→ Try it: Set down all of the entries below word for word, with the pictures left out.

→ Data extract:
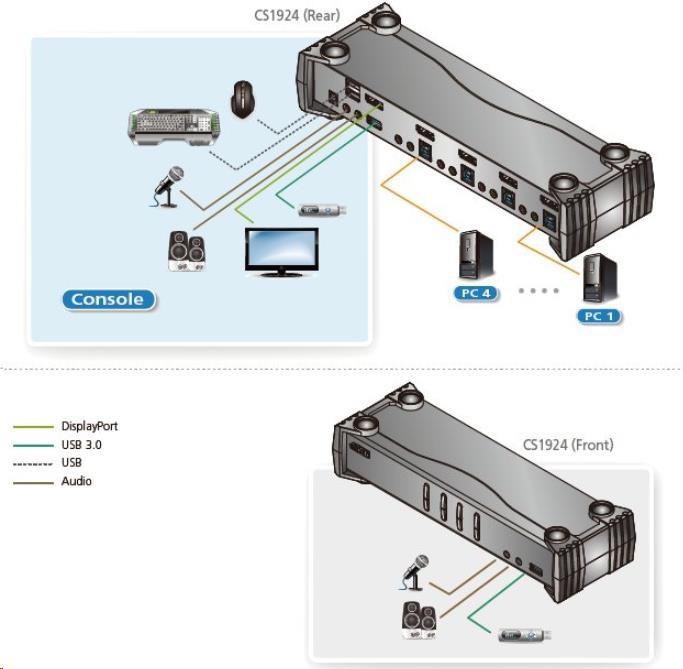 Aten CS1924 4-port 4K DisplayPort KVMP 3.0 přepínač umožní jednomu uživateli sdílet čtyři připojené počítače za pomocí jedné klávesnice, myši a monitoru.
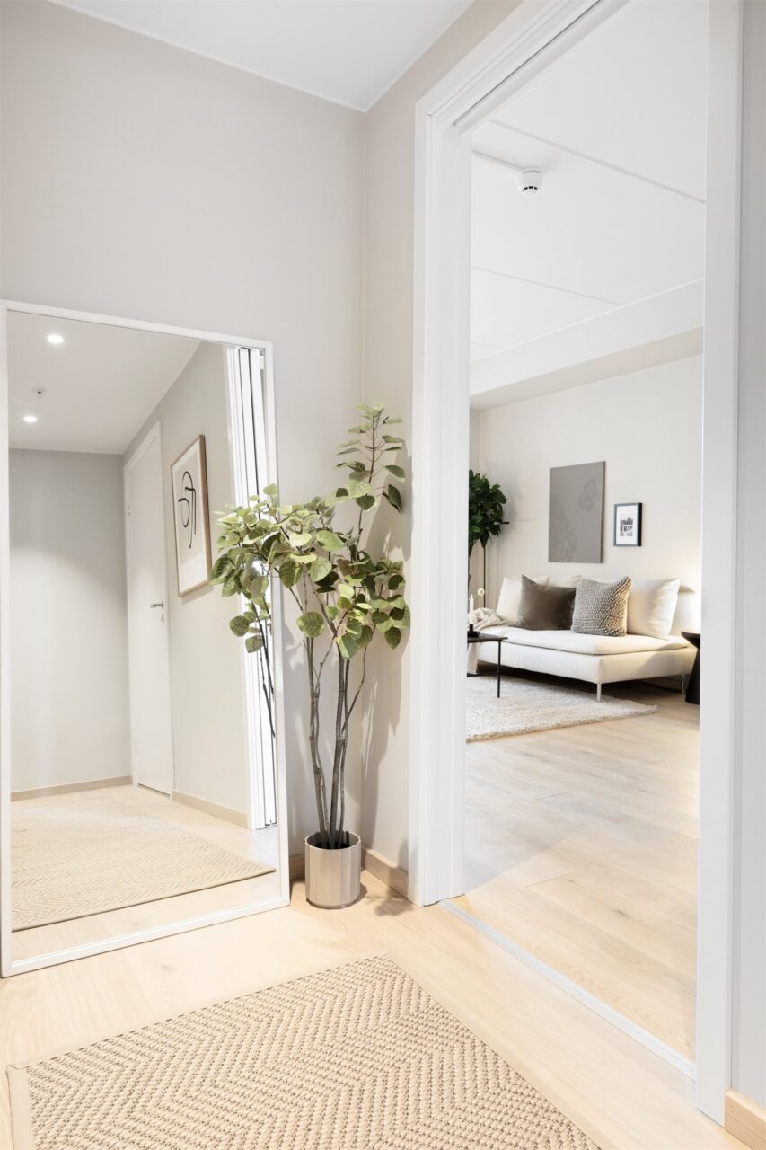Når man kommer inn i leiligheten møtes man av en lys entré/gang på ca. 6,9 m². Det er en pen 1-stavs eikeparkett på gulv, og downlights i himling.
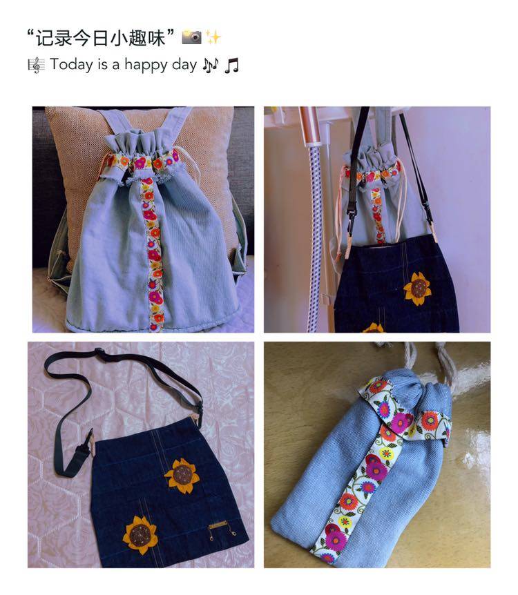 姑娘的一条背带牛仔裙,改成了一个双肩包;一条长了的阔腿裤,剪下来一拼就是一斜跨包,装饰上花带和花朵,芬芳扑鼻,这是春天的味道。
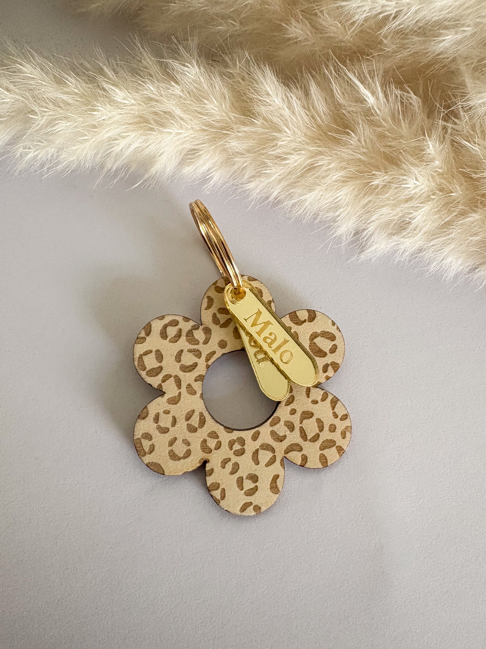 Offrez (ou offrez-vous) un accessoire unique et tendance avec ce porte-clés en forme de fleur motif léopard.
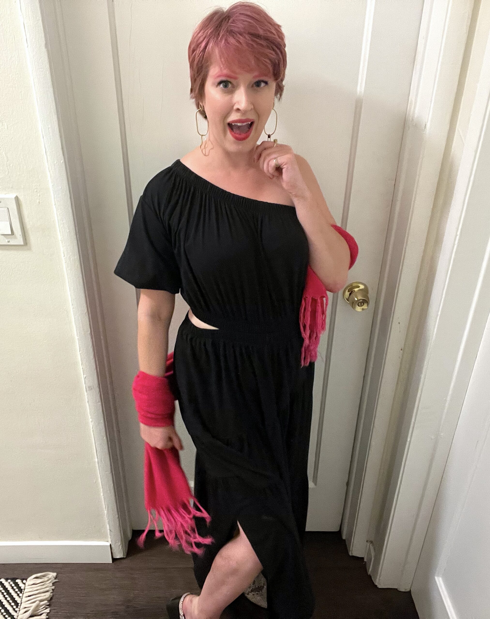 Cuyana’s clothing has long been on my wish list, so I headed straight to the site and was greeted with this stunning one-shoulder beauty. Reader, I am a very thrifty person, but I loved the dress so much that I purchased it at full price — and overnighted it to be sure I had it on time.
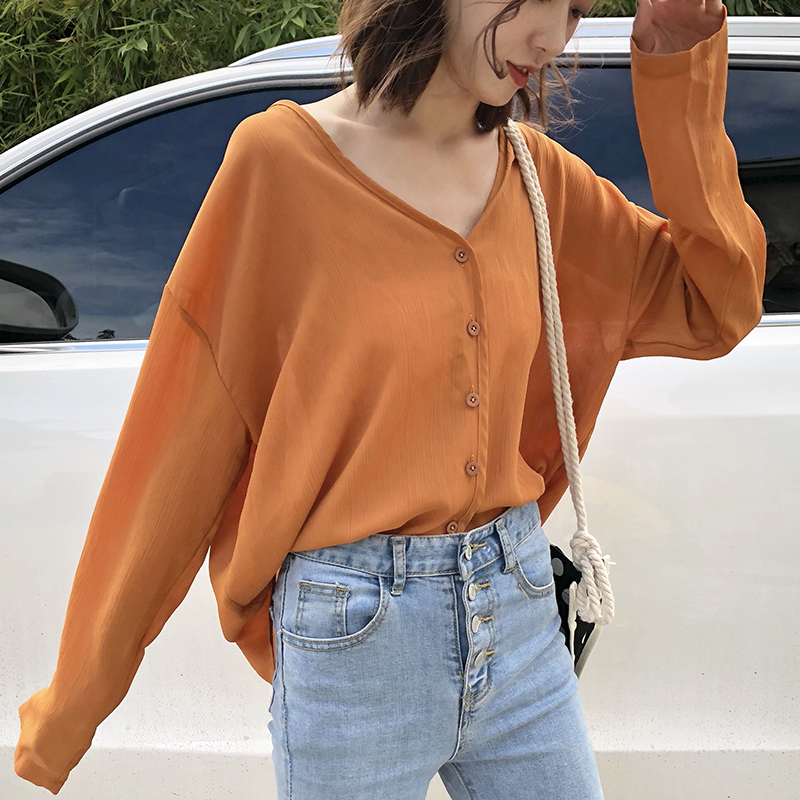 / 港風氣質polo衫早秋新款女裝時尚休閑寬松黑色襯衫V領長袖上衣潮
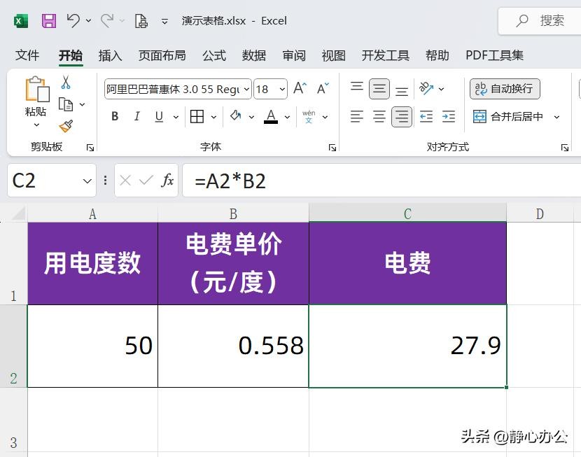 乘法运算符在进行简单乘法运算时也很常用。比如要在下图工作表C2单元格中计算A2单元格中用电度数和B2单元格中电费单价的乘积,可以输入公式:=A2*B2,再按回车键确认公式,即可返回电费27.9。
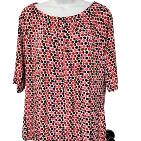 Liz Claiborne Career Ladies XL Multicolor Polka Dot Short Sleeve Blouse
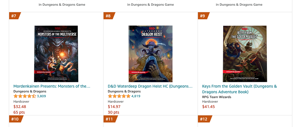 Everything at WOTC is about DDB. They think that it’s all about that VTT and they are the future of gaming. Hate to break it to them but just like how action figures are starting to slow in sales, home games are becoming the norm and by the time that VTT launches they’re subscriber base isn’t going to be using their VTT at the expected levels. All their OGL redlines indicated they were working purely from DDB numbers so looking at Amazon number for what WOTC think is successful is fruitless. They just see everything as 25% sales levels and frown.

→ Expected answer:
 Aten CS1924 4-port 4K DisplayPort KVMP 3.0 přepínač umožní jednomu uživateli sdílet čtyři připojené počítače za pomocí jedné klávesnice, myši a monitoru.
Når man kommer inn i leiligheten møtes man av en lys entré/gang på ca. 6,9 m². Det er en pen 1-stavs eikeparkett på gulv, og downlights i himling.
 姑娘的一条背带牛仔裙,改成了一个双肩包;一条长了的阔腿裤,剪下来一拼就是一斜跨包,装饰上花带和花朵,芬芳扑鼻,这是春天的味道。
 Offrez (ou offrez-vous) un accessoire unique et tendance avec ce porte-clés en forme de fleur motif léopard.
 Cuyana’s clothing has long been on my wish list, so I headed straight to the site and was greeted with this stunning one-shoulder beauty. Reader, I am a very thrifty person, but I loved the dress so much that I purchased it at full price — and overnighted it to be sure I had it on time.
 / 港風氣質polo衫早秋新款女裝時尚休閑寬松黑色襯衫V領長袖上衣潮
 乘法运算符在进行简单乘法运算时也很常用。比如要在下图工作表C2单元格中计算A2单元格中用电度数和B2单元格中电费单价的乘积,可以输入公式:=A2*B2,再按回车键确认公式,即可返回电费27.9。
 Liz Claiborne Career Ladies XL Multicolor Polka Dot Short Sleeve Blouse
 Everything at WOTC is about DDB. They think that it’s all about that VTT and they are the future of gaming. Hate to break it to them but just like how action figures are starting to slow in sales, home games are becoming the norm and by the time that VTT launches they’re subscriber base isn’t going to be using their VTT at the expected levels. All their OGL redlines indicated they were working purely from DDB numbers so looking at Amazon number for what WOTC think is successful is fruitless. They just see everything as 25% sales levels and frown.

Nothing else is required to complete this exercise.